**Data for this exercise:**
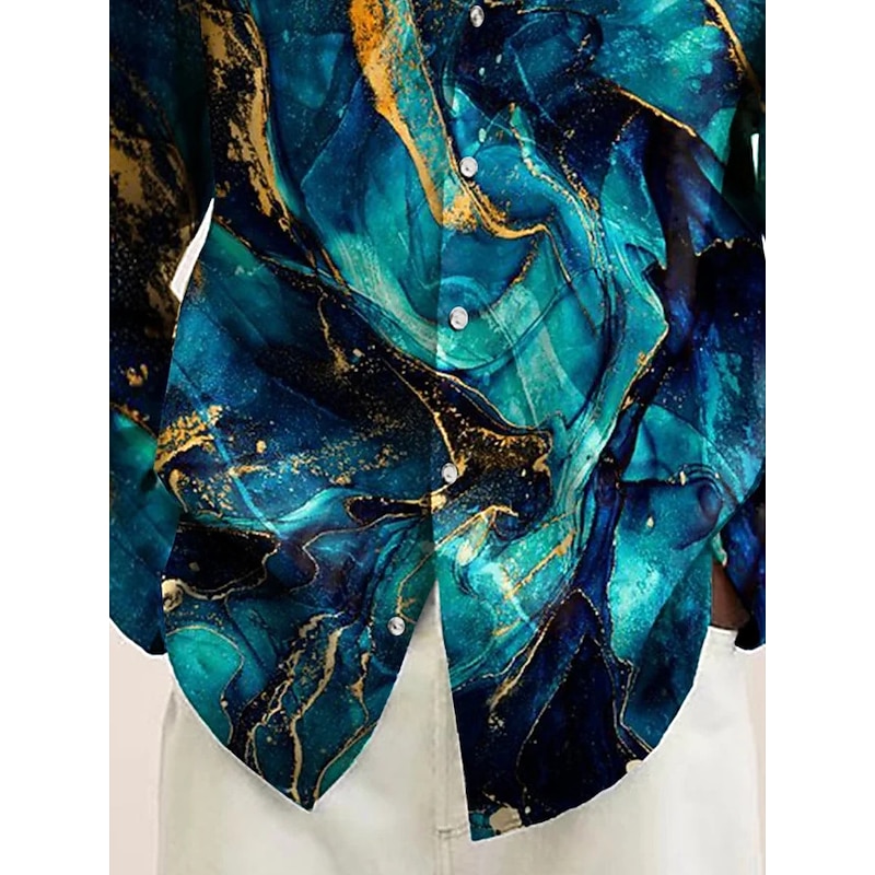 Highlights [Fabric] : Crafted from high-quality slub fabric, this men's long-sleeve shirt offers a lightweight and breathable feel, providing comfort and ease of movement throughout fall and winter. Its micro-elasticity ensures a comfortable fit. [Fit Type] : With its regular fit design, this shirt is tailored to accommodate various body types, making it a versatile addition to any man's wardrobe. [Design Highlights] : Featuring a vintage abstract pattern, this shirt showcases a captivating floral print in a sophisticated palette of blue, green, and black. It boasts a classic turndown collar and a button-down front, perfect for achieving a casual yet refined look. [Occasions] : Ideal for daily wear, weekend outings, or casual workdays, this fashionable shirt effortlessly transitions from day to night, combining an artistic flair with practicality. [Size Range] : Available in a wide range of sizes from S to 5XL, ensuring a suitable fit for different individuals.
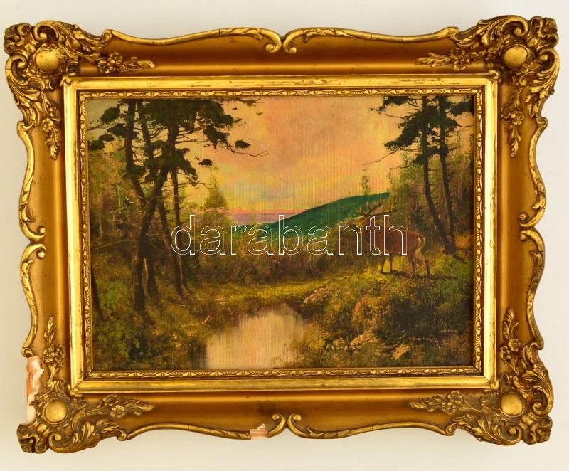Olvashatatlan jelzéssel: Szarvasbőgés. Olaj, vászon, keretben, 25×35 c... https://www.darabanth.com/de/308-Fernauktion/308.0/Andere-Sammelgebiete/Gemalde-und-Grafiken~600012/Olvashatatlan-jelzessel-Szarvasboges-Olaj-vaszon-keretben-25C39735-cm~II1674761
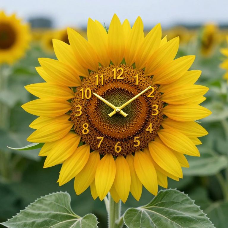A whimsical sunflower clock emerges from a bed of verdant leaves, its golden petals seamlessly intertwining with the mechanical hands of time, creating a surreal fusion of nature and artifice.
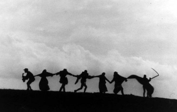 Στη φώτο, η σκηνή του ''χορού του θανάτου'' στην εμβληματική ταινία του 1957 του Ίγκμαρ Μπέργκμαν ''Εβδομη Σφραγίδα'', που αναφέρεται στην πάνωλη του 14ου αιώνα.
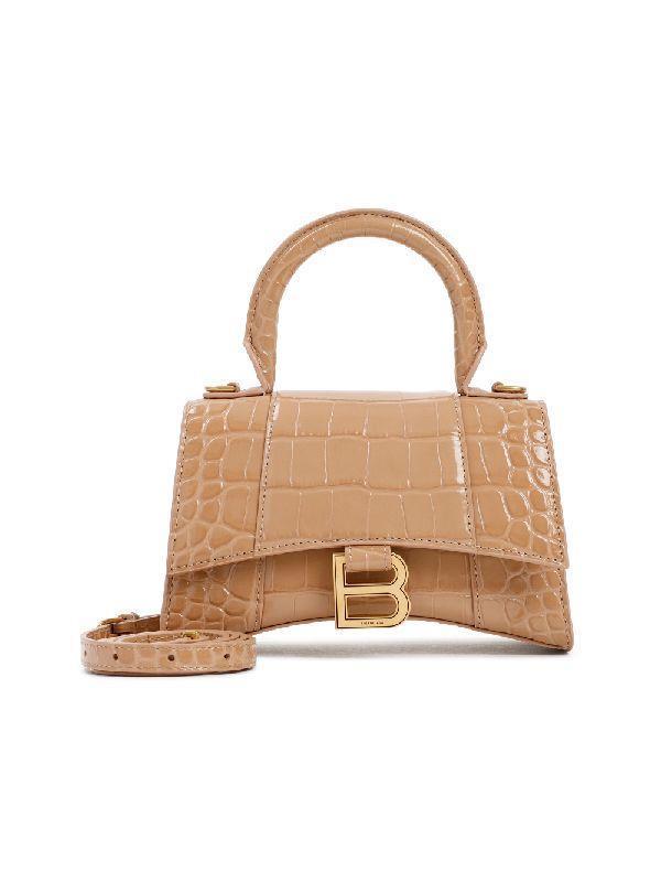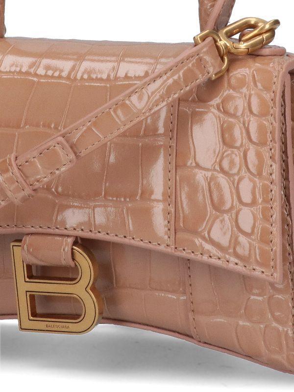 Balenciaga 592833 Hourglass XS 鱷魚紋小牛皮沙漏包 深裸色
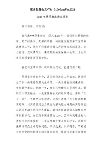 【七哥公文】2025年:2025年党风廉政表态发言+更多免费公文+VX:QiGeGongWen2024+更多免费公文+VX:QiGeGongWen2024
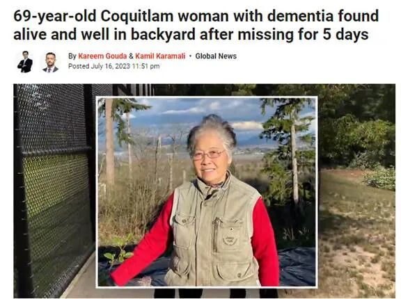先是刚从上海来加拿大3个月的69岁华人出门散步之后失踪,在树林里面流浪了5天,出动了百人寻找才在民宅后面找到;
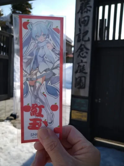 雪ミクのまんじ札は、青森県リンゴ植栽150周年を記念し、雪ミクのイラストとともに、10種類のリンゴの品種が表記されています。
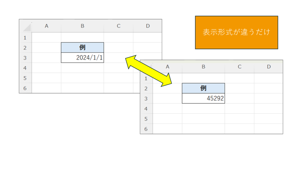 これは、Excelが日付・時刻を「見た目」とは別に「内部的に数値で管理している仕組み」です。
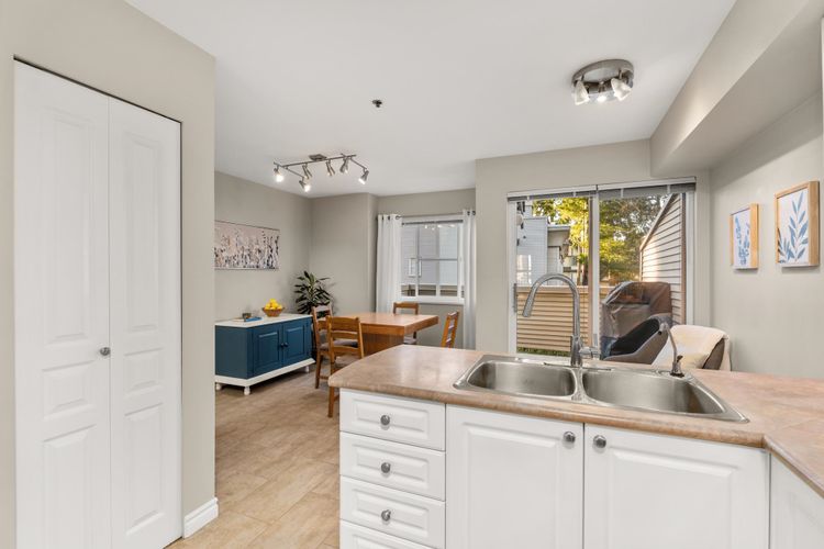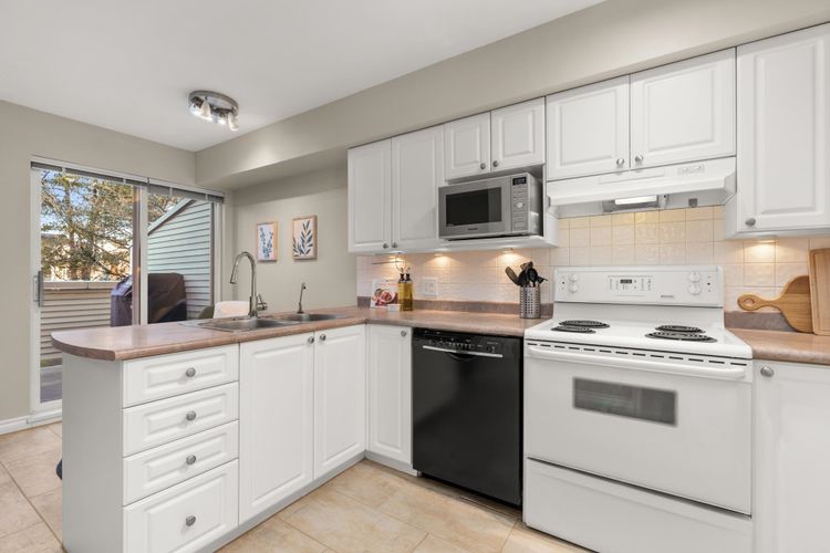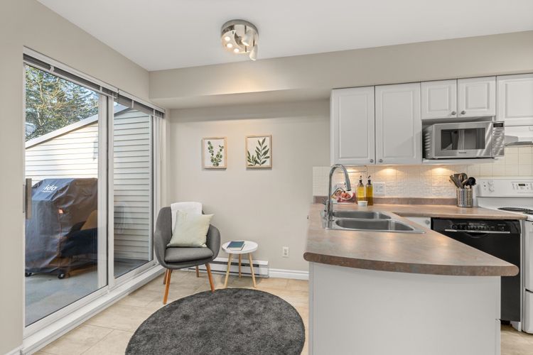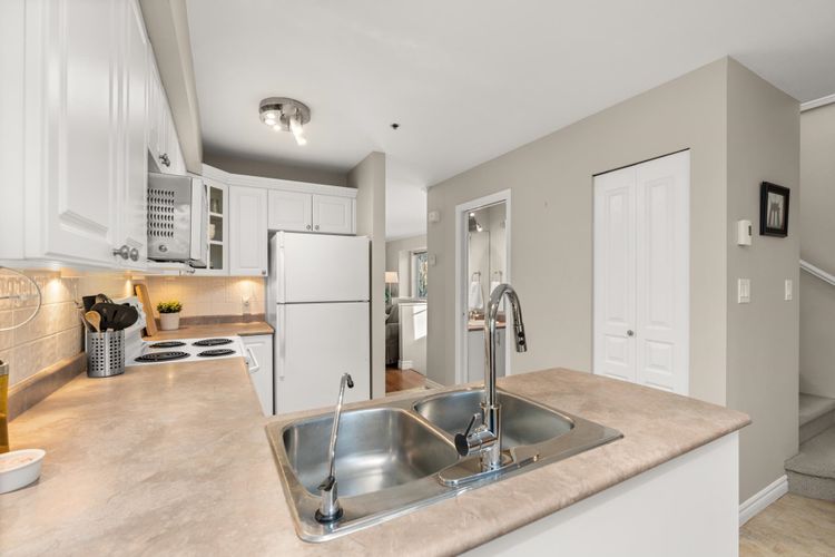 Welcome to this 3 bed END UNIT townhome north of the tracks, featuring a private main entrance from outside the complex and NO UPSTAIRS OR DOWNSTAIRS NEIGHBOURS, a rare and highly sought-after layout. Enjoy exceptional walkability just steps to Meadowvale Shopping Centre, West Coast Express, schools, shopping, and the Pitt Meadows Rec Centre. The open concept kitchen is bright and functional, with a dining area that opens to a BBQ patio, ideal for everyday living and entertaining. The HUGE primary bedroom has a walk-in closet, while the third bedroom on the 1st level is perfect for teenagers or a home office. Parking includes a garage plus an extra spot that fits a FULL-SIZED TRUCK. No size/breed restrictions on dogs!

**Exercise directions:**
No pictures, please. Output the listing above exactly as it stands.

**Problem solution:**
 Highlights [Fabric] : Crafted from high-quality slub fabric, this men's long-sleeve shirt offers a lightweight and breathable feel, providing comfort and ease of movement throughout fall and winter. Its micro-elasticity ensures a comfortable fit. [Fit Type] : With its regular fit design, this shirt is tailored to accommodate various body types, making it a versatile addition to any man's wardrobe. [Design Highlights] : Featuring a vintage abstract pattern, this shirt showcases a captivating floral print in a sophisticated palette of blue, green, and black. It boasts a classic turndown collar and a button-down front, perfect for achieving a casual yet refined look. [Occasions] : Ideal for daily wear, weekend outings, or casual workdays, this fashionable shirt effortlessly transitions from day to night, combining an artistic flair with practicality. [Size Range] : Available in a wide range of sizes from S to 5XL, ensuring a suitable fit for different individuals.
Olvashatatlan jelzéssel: Szarvasbőgés. Olaj, vászon, keretben, 25×35 c... https://www.darabanth.com/de/308-Fernauktion/308.0/Andere-Sammelgebiete/Gemalde-und-Grafiken~600012/Olvashatatlan-jelzessel-Szarvasboges-Olaj-vaszon-keretben-25C39735-cm~II1674761
A whimsical sunflower clock emerges from a bed of verdant leaves, its golden petals seamlessly intertwining with the mechanical hands of time, creating a surreal fusion of nature and artifice.
 Στη φώτο, η σκηνή του ''χορού του θανάτου'' στην εμβληματική ταινία του 1957 του Ίγκμαρ Μπέργκμαν ''Εβδομη Σφραγίδα'', που αναφέρεται στην πάνωλη του 14ου αιώνα.
 Balenciaga 592833 Hourglass XS 鱷魚紋小牛皮沙漏包 深裸色
 【七哥公文】2025年:2025年党风廉政表态发言+更多免费公文+VX:QiGeGongWen2024+更多免费公文+VX:QiGeGongWen2024
先是刚从上海来加拿大3个月的69岁华人出门散步之后失踪,在树林里面流浪了5天,出动了百人寻找才在民宅后面找到;
 雪ミクのまんじ札は、青森県リンゴ植栽150周年を記念し、雪ミクのイラストとともに、10種類のリンゴの品種が表記されています。
 これは、Excelが日付・時刻を「見た目」とは別に「内部的に数値で管理している仕組み」です。
 Welcome to this 3 bed END UNIT townhome north of the tracks, featuring a private main entrance from outside the complex and NO UPSTAIRS OR DOWNSTAIRS NEIGHBOURS, a rare and highly sought-after layout. Enjoy exceptional walkability just steps to Meadowvale Shopping Centre, West Coast Express, schools, shopping, and the Pitt Meadows Rec Centre. The open concept kitchen is bright and functional, with a dining area that opens to a BBQ patio, ideal for everyday living and entertaining. The HUGE primary bedroom has a walk-in closet, while the third bedroom on the 1st level is perfect for teenagers or a home office. Parking includes a garage plus an extra spot that fits a FULL-SIZED TRUCK. No size/breed restrictions on dogs!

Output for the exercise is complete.